Violeta Jovanović (FotoFilip Shobot)
Fehlende finanzielle Unterstützung
Obwohl Frauen in Serbien etwa 30 % der Inhaber von Unternehmerbetrieben ausmachen, gehört nur jedes fünfte Unternehmen, das bei Ausschreibungen Mittel erhält, einer Frau.
– Dies droht die Beteiligung von Frauen an der Wirtschaft und ihren Beitrag zur wirtschaftlichen Entwicklung weiter zu verringern. Die Analyse zeigt, dass die Wettbewerbe sowohl für Männer als auch für Frauen gleichermaßen offen sind, dass es jedoch eine Reihe von Einschränkungen gibt, die Frauen indirekt diskriminieren, weshalb Männer häufiger unterstützt werden. Die Hindernisse, auf die Frauen stoßen, sind am häufigsten in den Wettbewerbsbedingungen festgelegt, da diese Kriterien hauptsächlich darauf abzielen, Geld für Verarbeitungs- und Exportaktivitäten zuzuweisen, in denen Frauen traditionell weniger vertreten sind. Außerdem stehen die Programme am häufigsten Unternehmen offen, während Frauen eher dazu neigen, Unternehmerbetriebe zu gründen. Oft wird Immobilienbesitz sowie eine Art Sicherheit verlangt, was zusammengenommen die Mehrheit der Frauen ausschließt, da Frauen nur 24 % der Immobilien in Serbien besitzen – erklärt Jovanović.

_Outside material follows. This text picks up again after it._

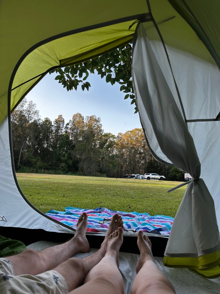Depois de uma viagem longa, armamos a barraca, banho e cama!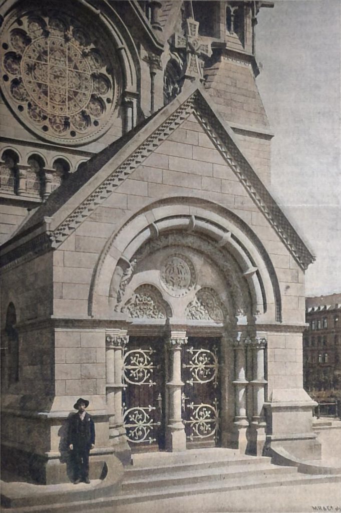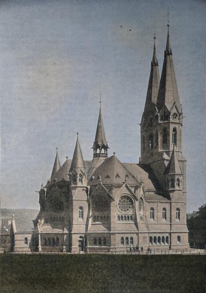 Für das Aeussere der Kirche, deren eigenartige Detailbehandlung die mitgetheilte Ansicht der westlichen Eingangshalle ersichtlich macht, ist hellgelber Königsbacher Sandstein aus Pfälzer Brüchen, für das Innere heller graugrünlicher Sandstein aus der Pfalz zur Anwendung gelangt.

Wie kann dies verbessert werden?
NALED, so betont unsere Interviewpartnerin, plant, sich weiterhin für die Verbesserung der Bedingungen für Frauen in der Wirtschaft einzusetzen, und zwar durch Vorschläge für Gesetzesänderungen, Mittel zur Unterstützung von Unternehmerinnen und Mentoring.
– Wir planen, den Dialog zwischen dem privaten und öffentlichen Sektor zu stärken, Bildungsprogramme zu entwickeln und Mentoring-Unterstützung für Frauen in der Wirtschaft bereitzustellen. All diese Aktivitäten werden im Rahmen des Projekts „Small & Powerful“ umgesetzt, das wir mit Unterstützung der britischen Botschaft umsetzen. Außerdem freuen wir uns, bekannt geben zu können, dass wir im Rahmen dieses Projekts in diesem Jahr fünf Zuschüsse in Höhe von jeweils 10.000 Pfund an kleine Unternehmen vergeben werden, die von Frauen geführt werden – kündigte Jovanović an.
Darüber hinaus werden wir über den Small Business Council und den Women’s Standing Committee daran arbeiten, administrative Hindernisse abzubauen und Führungspositionen unter Frauen zu fördern.
– Der Rat für Kleinunternehmen und der Ständige Frauenausschuss werden daran arbeiten, administrative Hürden abzubauen und Stereotypen abzubauen, die Frauen oft daran hindern, Führungspositionen in der Gesellschaft zu erreichen. Das Projekt wird weibliche Führungskräfte vernetzen, professionelle Netzwerke aufbauen und Mittel bereitstellen, um ihre Arbeitsplätze und Karrieren zu verbessern. Wir wollen Mechanismen systemischer Unterstützung schaffen, die es Frauen ermöglichen, eine noch bedeutendere Rolle in der Wirtschaft und der öffentlichen Politik zu übernehmen – schließt die Geschäftsführerin von NALED.